DESCRIPTION OF THE TASK: Copy out exactly the lines from the one containing "Erkek Çocuk Pamuklu" through the end of the records, and no pictures.

EXERCISE INPUTS:
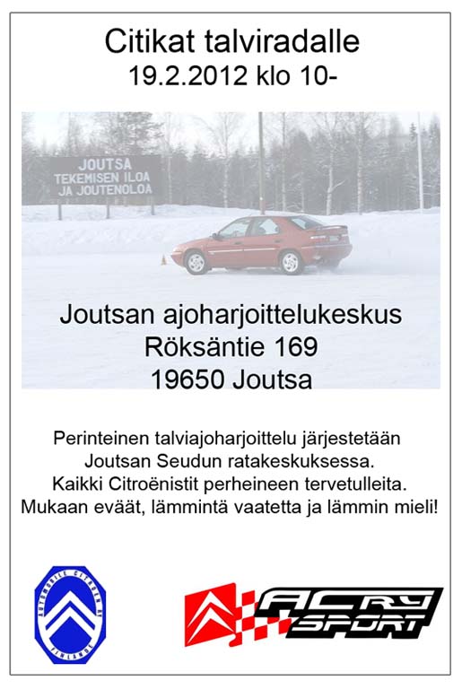 Automobile Citroën ry järjestää perinteiseen tyyliin kerholaisille talviajoharjoittelun Joutsan ajoharjoittelukeskuksessa ( http://www.joutsa.fi/ratakeskus/). Ohjelmassa perinteisiä auton hallintaan liittyviä väistö/pujottelumanööverejä, puheensorinaa, makkaranpaistoa, palelemista ja kylmiä varpaita (jälkimmäiset ei liity auton hallintaan). Tapahtuma alkaa noin klo 10, paikalle saa tulla pitkin päivää, mukaan omia eväitä (makkaranpaistomahdollisuus on) ja lämmintä vaatetta sekä viiksikulkineita. (lumilapio, hinausköysi...) ps. tapahtuman tavoitteena ei ole ralliajo, vaan turvallinen tutustuminen auton käyttäytymiseen ääritilanteissa. Tervetuloa! t: Timo
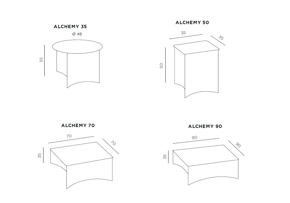| Dimensions | • Ø 48 x H 35 cm; • 35 x 35 x H 50 cm; • 70 x 70 x H 35 cm; • 90 x 90 x H 35 cm |
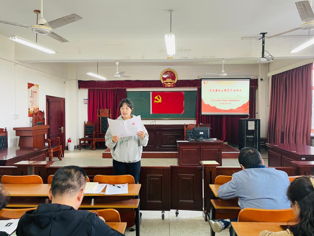 为深入学习贯彻党的二十大精神,切实加强党风廉政建设,落实立德树人根本任务,营造风清气正的良好育人环境,经法学院10月10日于博识楼A402开展了党风廉政建设专题党日活动。院党委书记赵智博主持本次活动,经法学院全体师生党员参加。
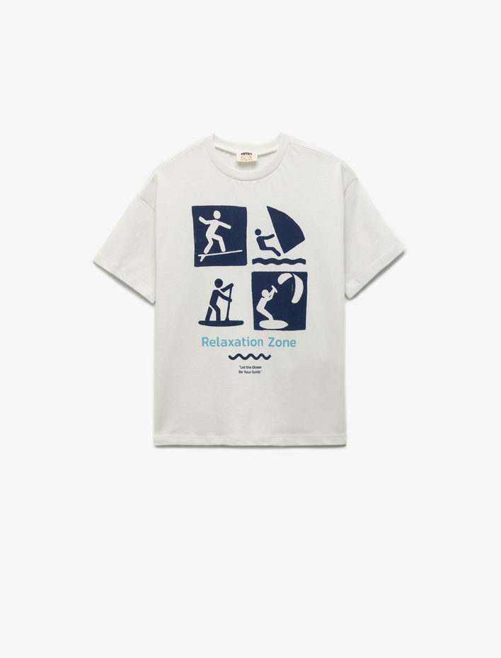 Erkek Çocuk Pamuklu Baskı Detaylı Oversize Bisiklet Yaka Sweatshirt
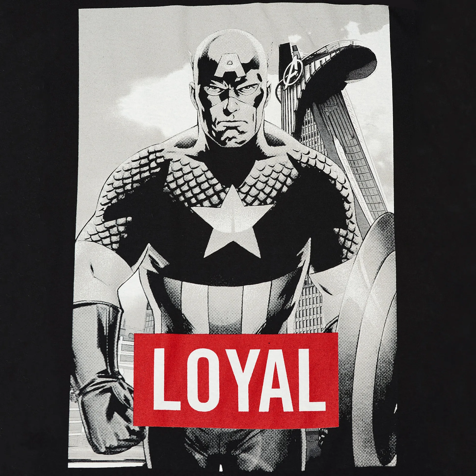Voor de fans die liever een schild dan standaard hebben: het officiële Captain America Loyal T-shirt! Gigantische Cap-print aan de voorkant—zo weet iedereen aan welke kant je staat (hint: Avengers!). Zwart, lekker recht model, ronde hals. Perfect voor in de sportschool, op Avengers-missie—of gewoon tijdens de Netflix-marathon. Avengers verzamelen—de trouwste fan is klaar om te shinen!
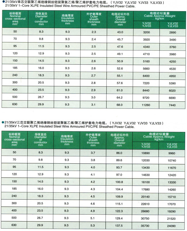 额定电压3.6/6kV-26/35kV交联聚乙烯绝缘电力电缆
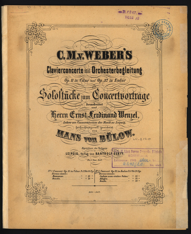 Clavierconcerte mit Orchesterbegleitung Op. 32 in Es dur als Solostücke zum Concertvortrage bearbeitet […] von Hans von Bülow.

RESULT OF THE EXERCISE:
 Erkek Çocuk Pamuklu Baskı Detaylı Oversize Bisiklet Yaka Sweatshirt
Voor de fans die liever een schild dan standaard hebben: het officiële Captain America Loyal T-shirt! Gigantische Cap-print aan de voorkant—zo weet iedereen aan welke kant je staat (hint: Avengers!). Zwart, lekker recht model, ronde hals. Perfect voor in de sportschool, op Avengers-missie—of gewoon tijdens de Netflix-marathon. Avengers verzamelen—de trouwste fan is klaar om te shinen!
 额定电压3.6/6kV-26/35kV交联聚乙烯绝缘电力电缆
 Clavierconcerte mit Orchesterbegleitung Op. 32 in Es dur als Solostücke zum Concertvortrage bearbeitet […] von Hans von Bülow.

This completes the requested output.